Supplied entries:

------------------------------------------------

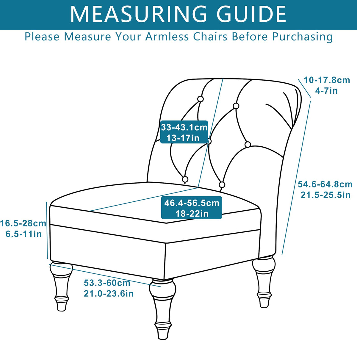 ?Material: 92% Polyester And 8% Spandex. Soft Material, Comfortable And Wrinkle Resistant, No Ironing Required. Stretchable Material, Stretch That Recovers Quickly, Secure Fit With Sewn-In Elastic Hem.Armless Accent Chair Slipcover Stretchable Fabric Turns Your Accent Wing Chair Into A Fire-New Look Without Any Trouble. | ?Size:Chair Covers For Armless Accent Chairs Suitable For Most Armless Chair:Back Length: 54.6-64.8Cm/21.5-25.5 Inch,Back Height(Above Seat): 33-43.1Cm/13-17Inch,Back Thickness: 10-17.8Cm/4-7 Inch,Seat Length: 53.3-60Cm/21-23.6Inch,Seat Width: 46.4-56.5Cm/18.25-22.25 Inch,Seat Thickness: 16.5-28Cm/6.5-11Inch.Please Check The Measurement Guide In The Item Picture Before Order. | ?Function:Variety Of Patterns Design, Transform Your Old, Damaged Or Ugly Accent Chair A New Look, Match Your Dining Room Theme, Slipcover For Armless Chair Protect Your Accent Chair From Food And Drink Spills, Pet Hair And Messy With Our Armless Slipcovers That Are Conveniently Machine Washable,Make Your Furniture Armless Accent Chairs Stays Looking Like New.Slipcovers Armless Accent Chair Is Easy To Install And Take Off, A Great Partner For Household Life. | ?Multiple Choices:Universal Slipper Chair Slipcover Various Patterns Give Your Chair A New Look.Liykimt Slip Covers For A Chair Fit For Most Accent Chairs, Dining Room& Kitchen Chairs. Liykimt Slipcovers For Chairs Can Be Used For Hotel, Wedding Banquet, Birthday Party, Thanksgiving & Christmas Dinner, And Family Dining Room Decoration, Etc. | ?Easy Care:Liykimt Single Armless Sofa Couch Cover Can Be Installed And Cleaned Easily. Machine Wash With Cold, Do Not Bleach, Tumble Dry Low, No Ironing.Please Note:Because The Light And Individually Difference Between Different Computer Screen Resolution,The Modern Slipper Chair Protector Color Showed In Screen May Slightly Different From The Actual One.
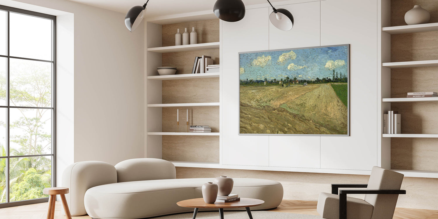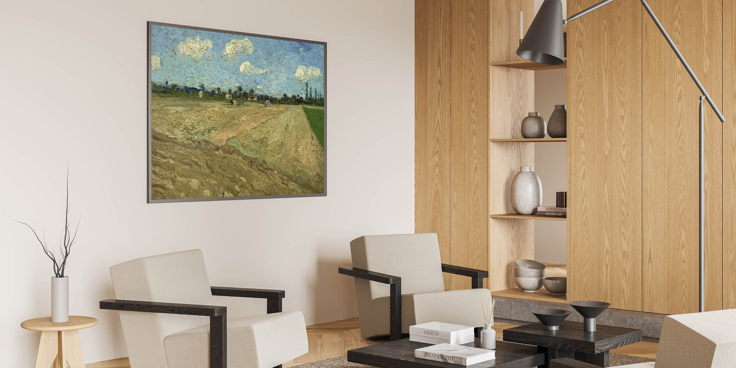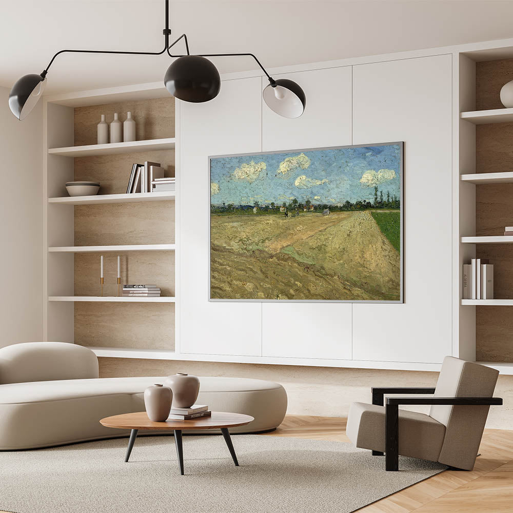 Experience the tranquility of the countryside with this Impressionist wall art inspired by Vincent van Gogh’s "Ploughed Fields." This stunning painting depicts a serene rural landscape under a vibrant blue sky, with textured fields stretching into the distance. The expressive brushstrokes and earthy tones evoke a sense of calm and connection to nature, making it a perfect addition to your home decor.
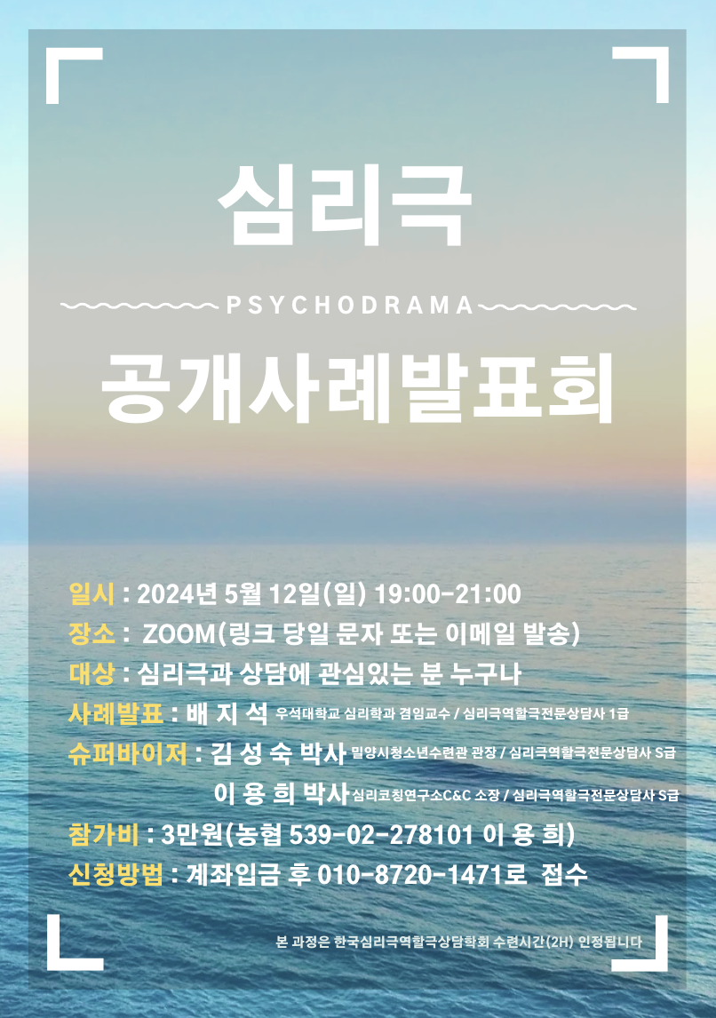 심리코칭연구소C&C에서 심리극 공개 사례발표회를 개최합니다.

------------------------------------------------

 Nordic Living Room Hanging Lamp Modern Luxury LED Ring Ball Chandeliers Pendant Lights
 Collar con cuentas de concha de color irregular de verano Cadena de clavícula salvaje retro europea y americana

------------------------------------------------

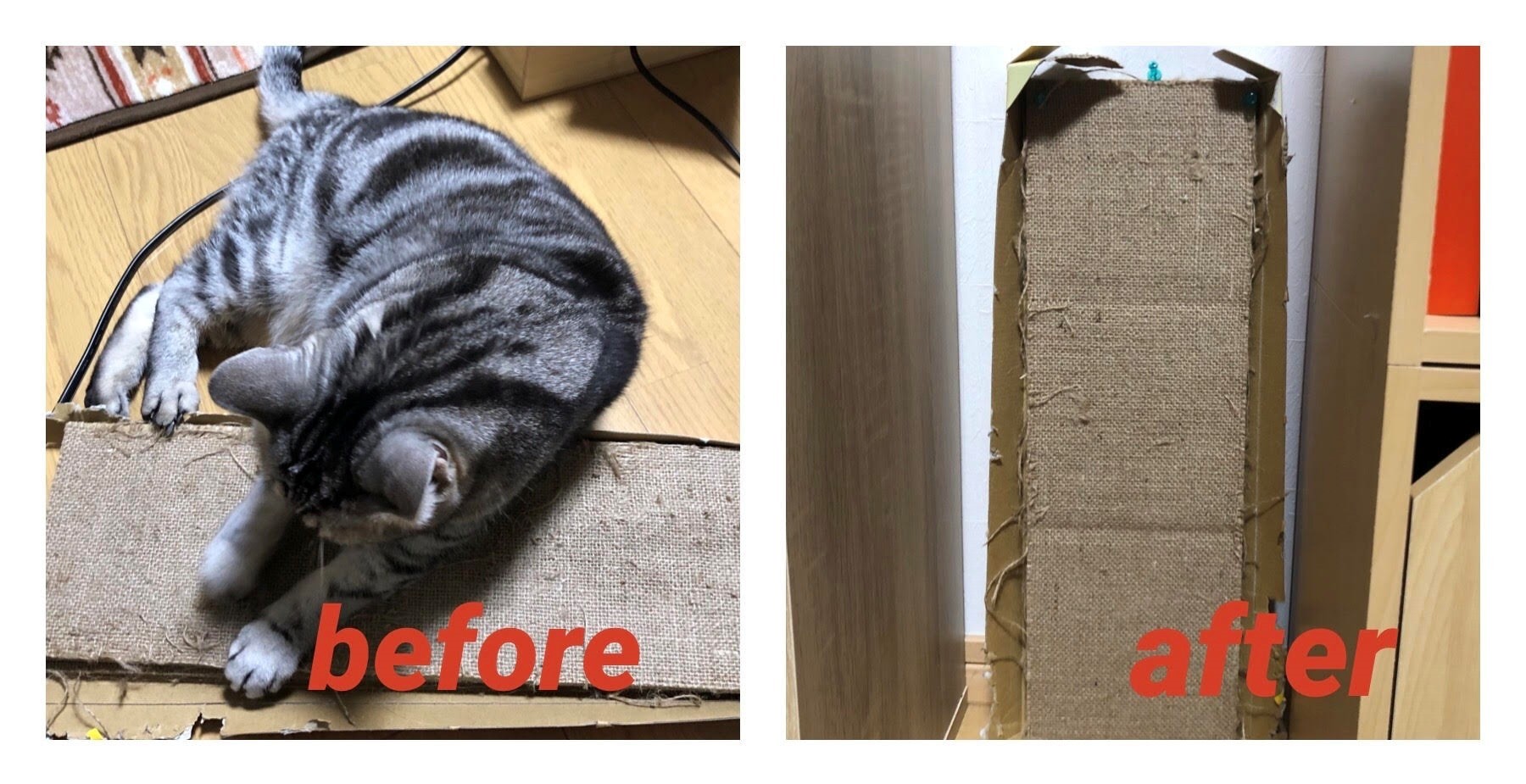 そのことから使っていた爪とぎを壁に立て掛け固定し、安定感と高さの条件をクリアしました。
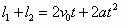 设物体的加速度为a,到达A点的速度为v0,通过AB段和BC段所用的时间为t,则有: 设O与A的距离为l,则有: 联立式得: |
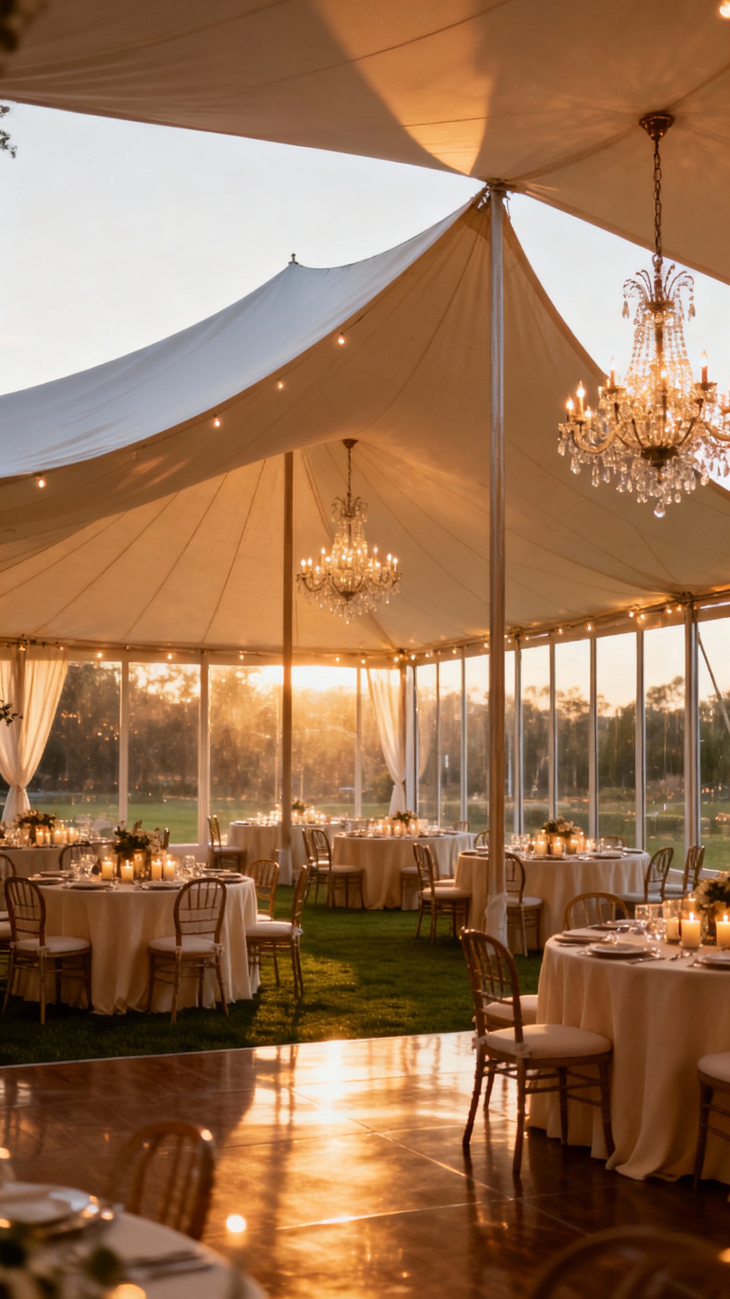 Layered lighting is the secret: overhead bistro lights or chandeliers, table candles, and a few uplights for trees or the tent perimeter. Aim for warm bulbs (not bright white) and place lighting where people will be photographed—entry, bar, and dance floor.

------------------------------------------------

Task item: Write out exactly the lines above between the one with "Experience the tranquility" and the one with "심리코칭연구소C&C에서 심리극 공개 사례발표회를 개최합니다.", inclusive, with pictures left out.

Output:
 Experience the tranquility of the countryside with this Impressionist wall art inspired by Vincent van Gogh’s "Ploughed Fields." This stunning painting depicts a serene rural landscape under a vibrant blue sky, with textured fields stretching into the distance. The expressive brushstrokes and earthy tones evoke a sense of calm and connection to nature, making it a perfect addition to your home decor.
 심리코칭연구소C&C에서 심리극 공개 사례발표회를 개최합니다.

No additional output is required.